WHAT NEEDS TO BE DONE » Your job is to give again, exactly and with no additions, the lines in the records below from the one with "この巨石の半分の肌には小石が折り重なるように積まれ" through the one with "江宣成与冉政林签署了全面合作", both included. Omit the pictures.

INFORMATION PROVIDED »
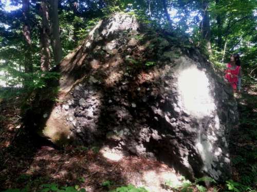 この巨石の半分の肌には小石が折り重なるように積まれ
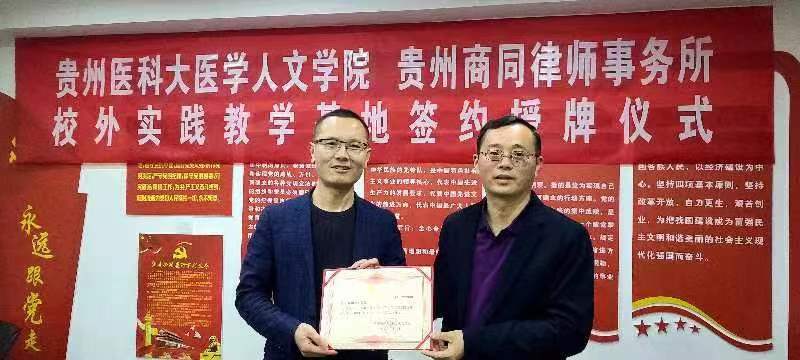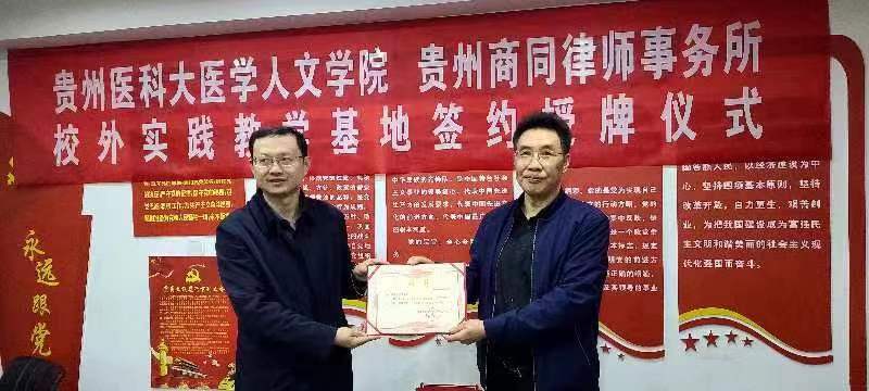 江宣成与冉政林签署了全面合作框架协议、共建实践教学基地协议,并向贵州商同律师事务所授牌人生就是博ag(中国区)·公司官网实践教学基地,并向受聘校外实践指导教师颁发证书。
--
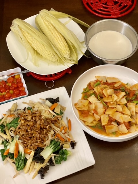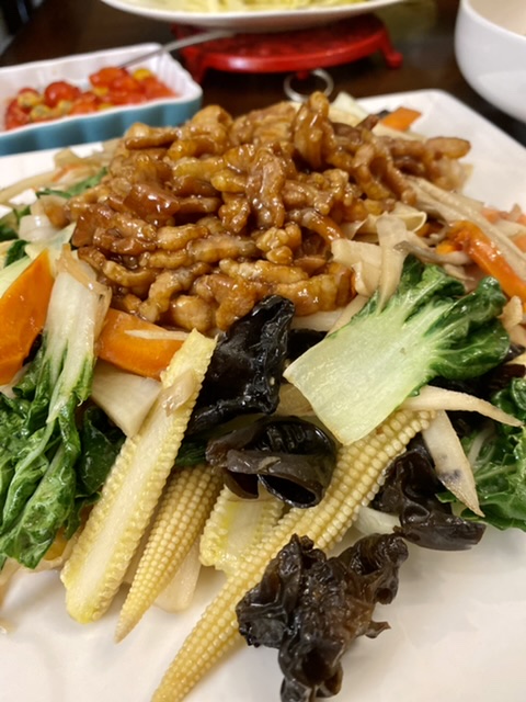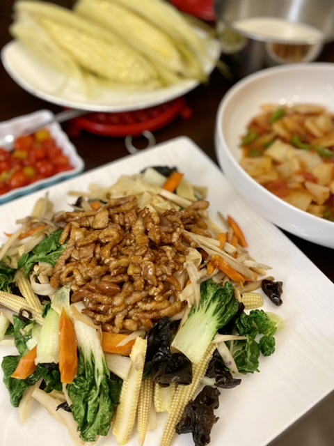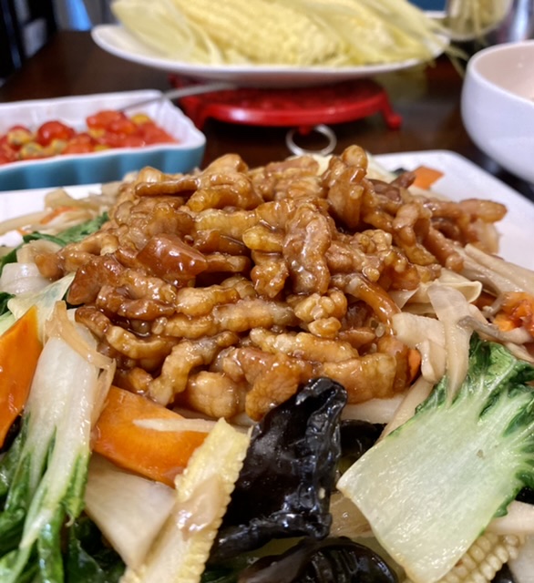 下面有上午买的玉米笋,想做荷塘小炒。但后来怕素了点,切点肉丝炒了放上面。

YOUR RESPONSE »
 この巨石の半分の肌には小石が折り重なるように積まれ
 江宣成与冉政林签署了全面合作框架协议、共建实践教学基地协议,并向贵州商同律师事务所授牌人生就是博ag(中国区)·公司官网实践教学基地,并向受聘校外实践指导教师颁发证书。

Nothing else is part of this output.